LP, which was created in 2002, had remained relatively unknown in the country’s electoral process until Dr. Olusegun Mimiko was elected on its platform as governor in Ondo State, even though he eventually returned to the Peoples Democratic Party (PDP) where he was before he joined LP.
Before the emergence of Obi as LP’s presidential candidate, the party had conducted its governorship, National Assembly (Senate and House of Representatives) and Houses of Assembly primaries across the states between May 26 and June 8, 2022 and uploaded the names of successful candidates on the Independent National Electoral Commission (INEC) portal before the June 17 deadline.
However, the party’s tickets, which have now become politicians’ delight, have attracted a major crisis, as it was alleged that the party’s national leadership has swapped the lists to accommodate new candidates.
The Guardian gathered that about six state chapters are currently embroiled in crisis over the unilateral replacement of names of candidates already submitted to the INEC with another set of names by the national leadership of the party.
The affected states are Lagos, Plateau, Imo, Ebonyi, Kaduna and Enugu. The candidates, whose names were earlier submitted to INEC, were shocked by the decision of the national leadership to replace their names with the intent of announcing them as placeholders who had voluntarily withdrawn their nominations.

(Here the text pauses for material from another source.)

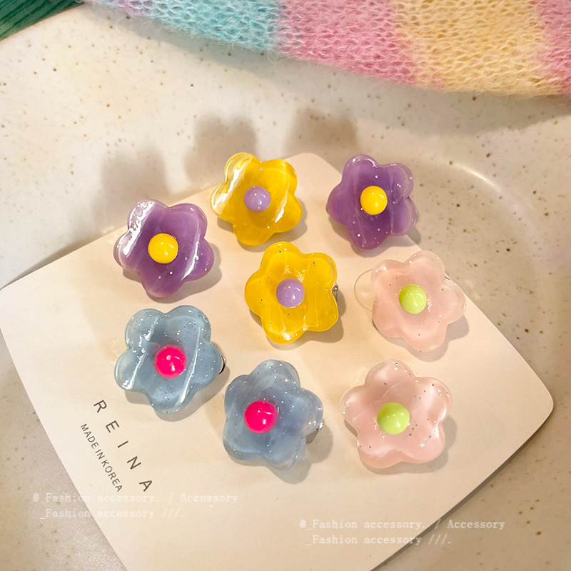 多巴胺少女心彩色花朵耳夹小众百搭气质无耳洞耳骨夹耳钉可爱耳饰

According to the letter written to INEC, titled: “Notice of Withdrawal and Date of Primaries,” the national leadership of the party informed INEC of its intention to hold substitution primary elections to produce its candidates for the governorship, National Assembly and State Houses of Assembly in the 2023 general elections.

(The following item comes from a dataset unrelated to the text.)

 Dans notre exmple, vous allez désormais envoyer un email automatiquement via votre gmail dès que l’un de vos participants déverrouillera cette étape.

The National Chairman of the LP, Julius Abure and National Secretary, Umar Farouk Ibrahim, jointly signed the letter.
Some state chapters of the party have since elected new sets of candidates for the general elections, while others are in the process of conducting the substitution primaries, where new candidates will emerge. However, the move has been met with stiff opposition from the aggrieved candidates who accused the party of forging their letters of withdrawal.
Lagos State
IN Lagos State, one of the affected candidates, Ifagbemi Awamaridi, has approached the Federal High Court to restrain the party and the INEC from recognising Gbadebo Rhodes-Vivour as its gubernatorial candidate.
Rhodes-Vivour was elected Labour Party’s governorship candidate in a substitution primary, witnessed by the INEC and was subsequently issued a certificate of returns by the National Publicity Secretary of the party, Abayomi Arabambi.
But Awamaridi has described the event as ‘comic’. Still fuming in rage when he was addressed as the factional candidate of the party, Awamaridi thundered, “to say that I am a factional candidate for Lagos State is a very wrong statement.”
While saying, the election that saw the emergence of Rhodes-Vivour as the governorship candidate is ‘fraudulent,’ Awamaridi described the certificate of return given to Rhodes-Vivour, as a “piece of paper,” that is “unconstitutional and irrelevant.”
He said he remains the “substantive governorship candidate of the party” and no candidate should be presented whether by the party or the electoral body except in a case of withdrawal or death.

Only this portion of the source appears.